No! If you reverse it, it'll actually put rust back on the chain.


----------



## Boris

Greg M said:


> No! If you reverse it, it'll actually put rust back on the chain.




Good to know. See Vince you can learn something new everyday. Thanks Greg!


----------



## vincev

Old Rider ,you start on one end and Dave ,you start on the other end.Let me know when you need more vinegar and water.


----------



## vincev

Dont forget to oil the above chain when you guys are finished


----------



## krateman

I hate to mention this, since we are all exploring environmentally friendly ways to remove oil/grease from chains, but gas works great on busting this material up, especially when you use a little wire brush to help it along. I got a chain cleaned off pretty fast using this method. You can keep the gas and re-use it many times and when you are finished, strain it through a few coffee filters and you can probably use it in your weed eater or car. Maybe you can use it to burn some brush from land clearing.


----------



## vincev

Are you finished cleaning that chain yet Dave and OR??


----------



## OldRider

Almost done Vince!


----------



## silvertonguedevil

krateman said:


> I hate to mention this, since we are all exploring environmentally friendly ways to remove oil/grease from chains, but gas works great on busting this material up, especially when you use a little wire brush to help it along. I got a chain cleaned off pretty fast using this method. You can keep the gas and re-use it many times and when you are finished, strain it through a few coffee filters and you can probably use it in your weed eater or car. Maybe you can use it to burn some brush from land clearing.

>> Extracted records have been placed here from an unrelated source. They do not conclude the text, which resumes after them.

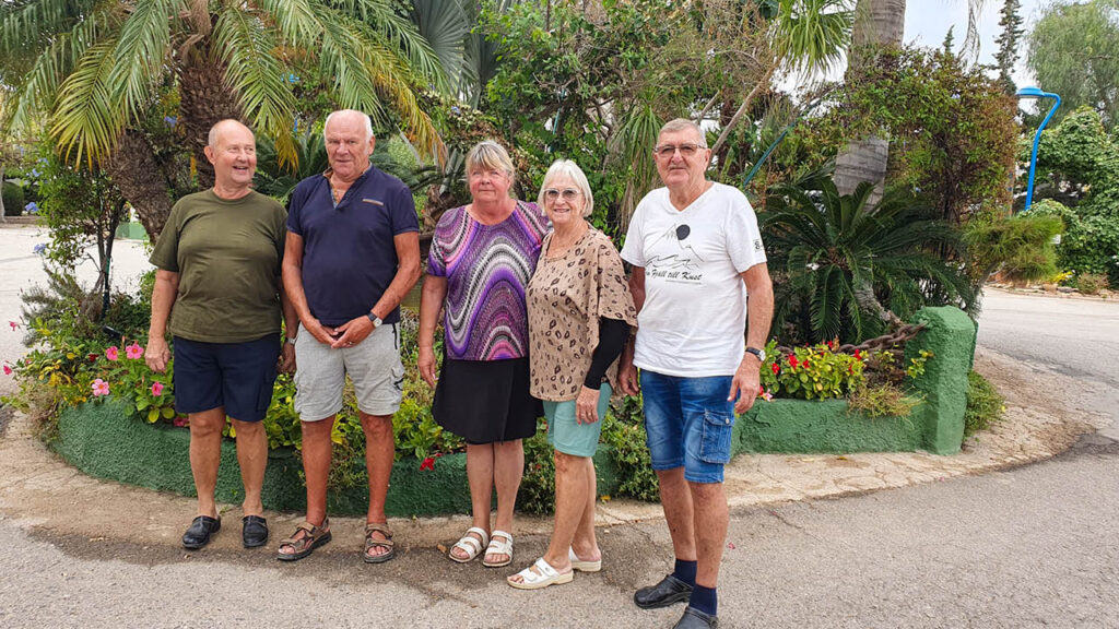 Det är mulet och ”bara” 25–26 grader på campingen i Bolnuevo när Fritidsmagasinet träffar gänget från Norrbotten på en online-intervju i mitten av oktober. Åke Pettersson från Boden, Stig Halmedal från Haparanda och Kjell-Åke Wennström och sambon Orvokki Mononen från Luleå sitter i kortärmat i Åkes förtält.
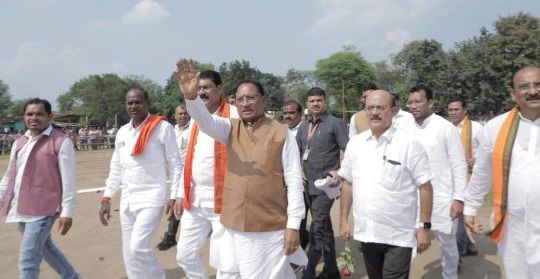 मुख्यमंत्री ने स्थानीय जनप्रतिनिधियों से क्षेत्र के विकास कार्यों की जानकारी ली और जनता का अभिवादन स्वीकार किया।
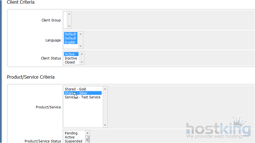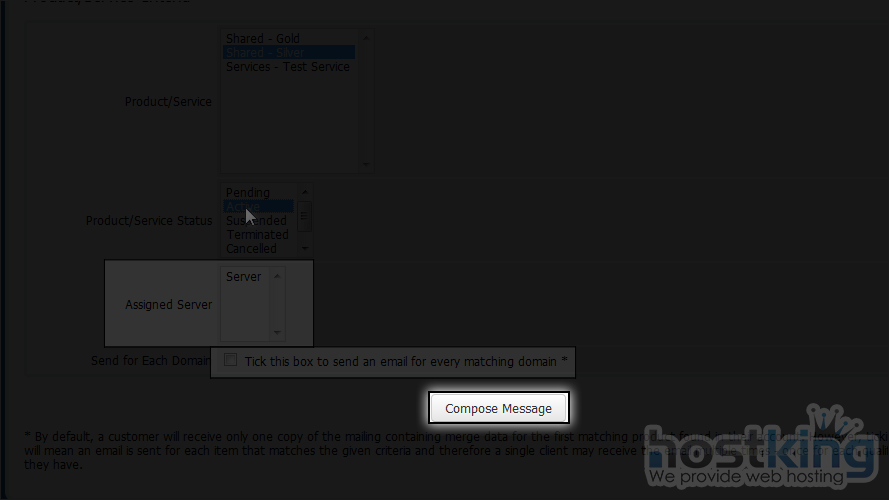 7) If you have multiple server setup and want to limit the email to a single server, select it from the list here.
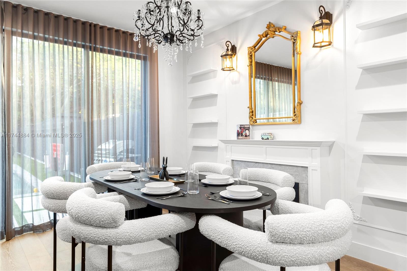 ? French Chic Interiors – Black marble kitchen, plush boucle dining chairs, crystal chandeliers, and ornate gold accents.
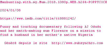 Voir le nfo de la release Manhunting.With.My.Mum.2018.1080p.WEB.H264-POPPYCOCK
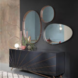 Specchio Lumière Riflessi . Lo Specchio Lumière è caratterizzato da una con cornice in metallo verniciato che crea un effetto tridimensionale . Inoltre lo specchio può essere in cristallo specchiante e a richiesta in cristallo specchiante bronzato.
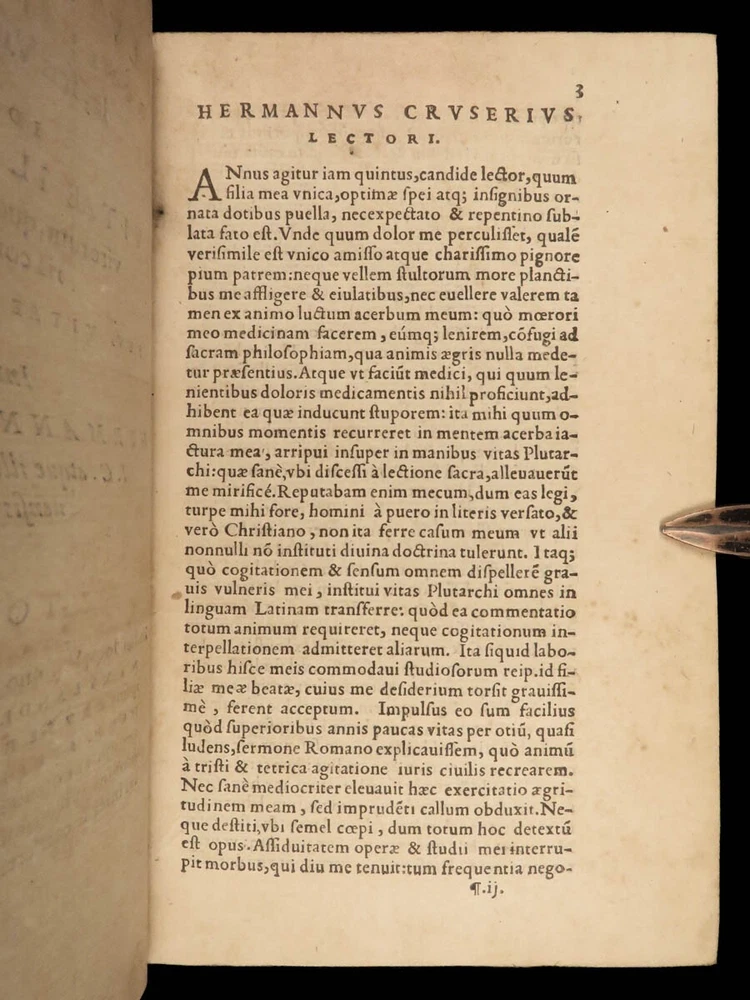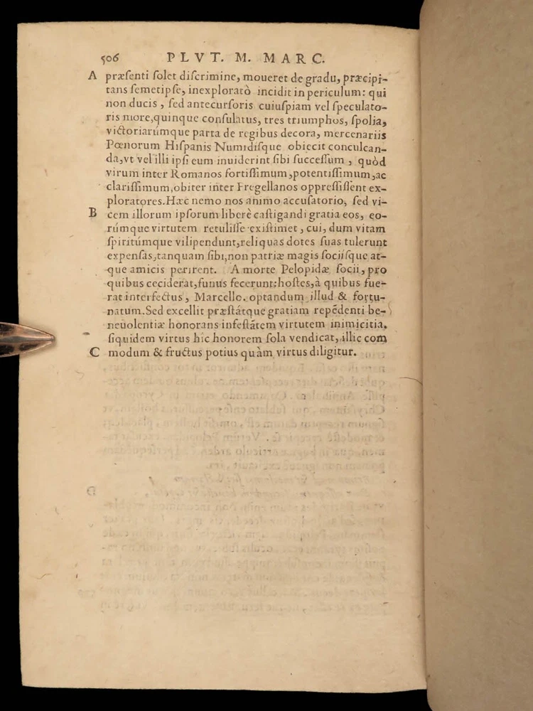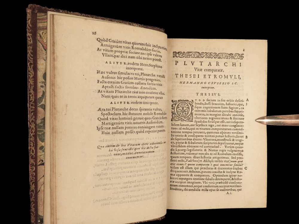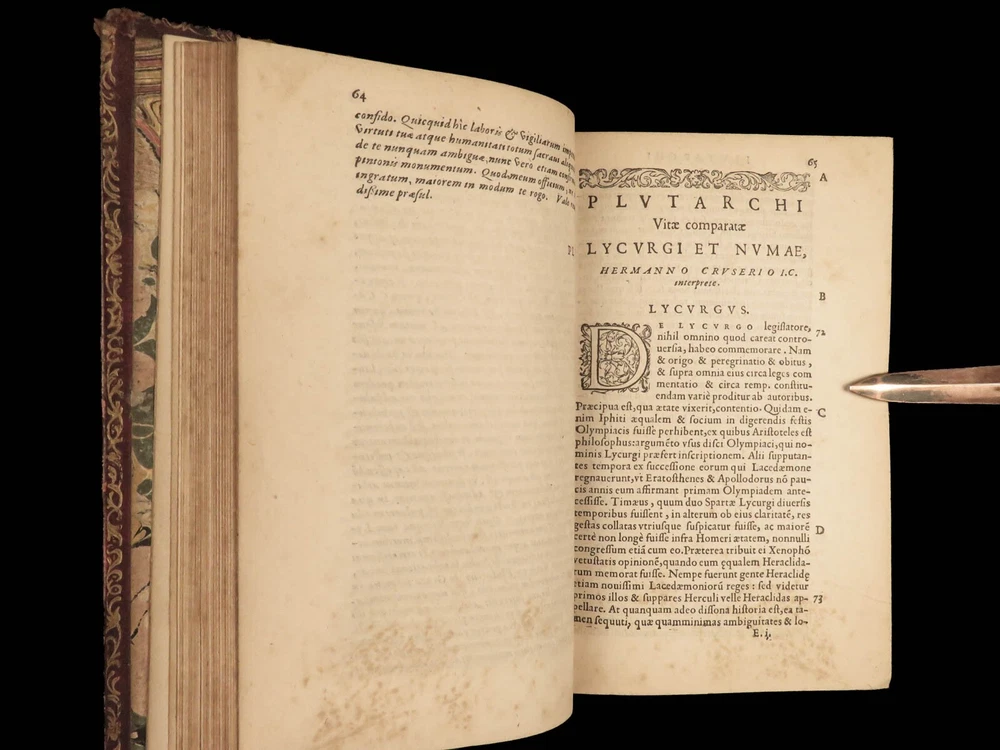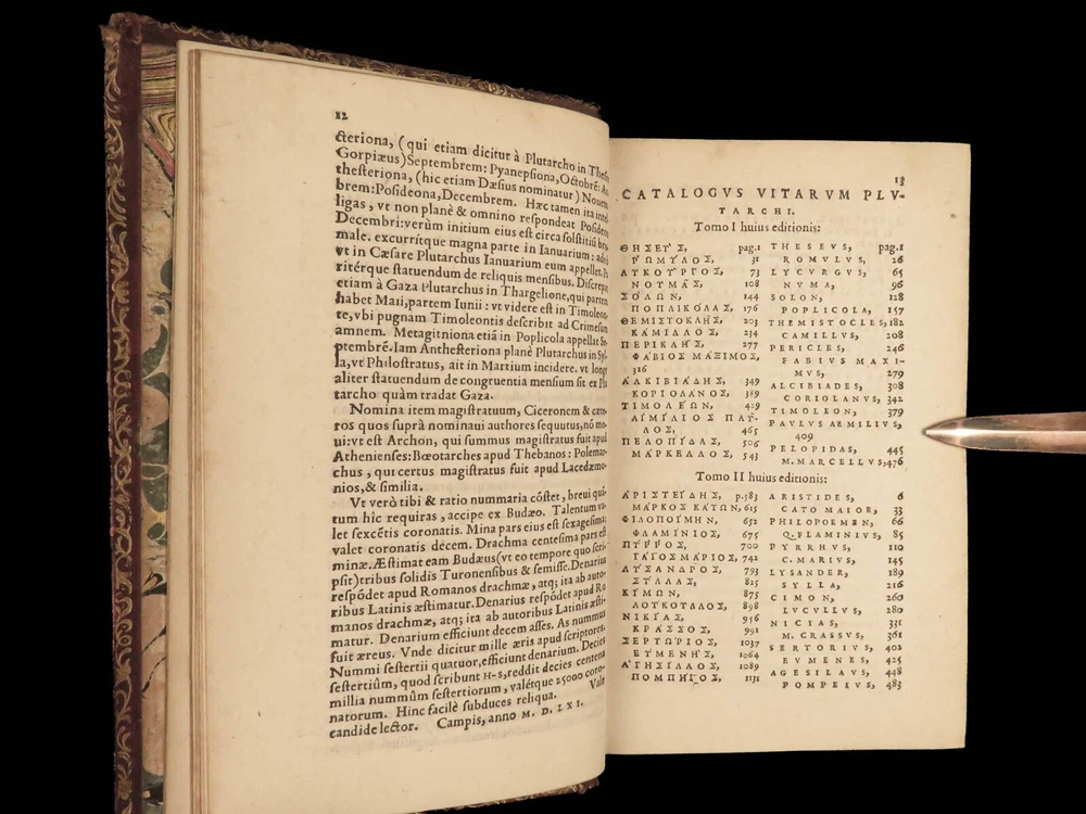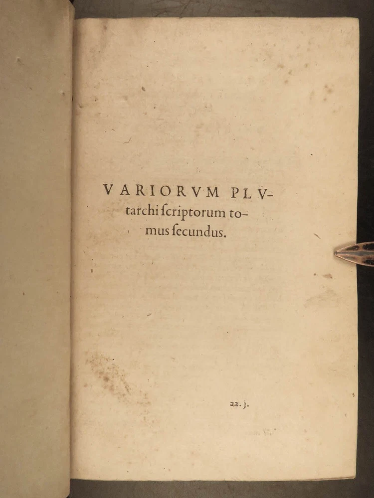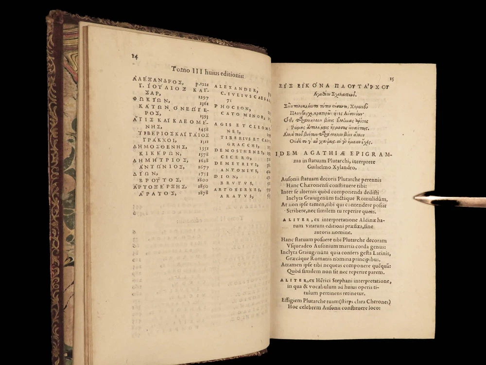 1572 PLUTARCH Parallel Lives Latin & GREEK Alexander Great 5v FAMED Estienne “The mind is not a vessel to be filled, but a fire to be kindled.” ― Plutarch ‘ Plutarch’s Lives’ or ‘ Parallel Lives’ is one of the most important and comprehensive collection of biographies of famous Greek and Roman figures. Plutarch was not so much focused on providing a historical account of these famous individuals as much as he was seeking to write of the type of person they were and the life in which they lived. He focuses on Alexander the Great, Romulus and Remus, Demosthenes, Cicero, Brutus, Julius Caesar, and many other important figures. This rare undated 16 th -century edition was edited and translated by Wilhelm Xylander, a notable German scholar and published by the famed Henri Estienne . Xylander was well known for his commentary and edits of Greek and Roman masters found in these volumes including Fabius Maximus, Timoleon, Pelopidas, and many others. Item number: #25060 Price: $1500 PLUTARCH Plutarchi Chaeronensis summi philosophi et historici Vitæ parallelæ seu comparatæ Geneva: Henri Estienne, [1572]. Details : · Collation: Complete with all pages; 5 volumes o Latine Vitae, Vol. I – 16, 506 o Latine Vitae, Vol. II – [2], 3-552 o Latine Opuscula, Vol. II – 683, [1] o Graece Vitae, Vol. III – [2], 1219-1923 o Graece Opuscula, Vol. II – [2], 781-1381, [1] · References: USTC 684412 · Language: Latin / Greek · Binding: Leather; tight and secure o Red Moroccan leather · Size : ~6.75in X 4.5in (17cm x 11cm) · Rare and desirable Our Guarantee: Very Fast. Very Safe. Free Shipping Worldwide. Customer satisfaction is our priority! Notify us with 7 days of receiving, and we will offer a full refund without reservation! 25060

I've always heard that gas works pretty good. I know using gasoline as a cleaning solution is frowned upon but if it works.....


----------



## ccmerz

Here is a chain I restored using an 8" brass coated steel wire wheel (fine) fitted to my 3200 rpm electric bench mount grinder.  From rust to "new".  No liquids involved.  Elapsed time : 15 minutes.


----------



## reeviint

I got lazy and just ordered a pound box of oxalic acid off ebay, rather than run around to stores looking for a retailer who handles it. With the usual mixture being about 2 tablespoons per gallon of warm water.


----------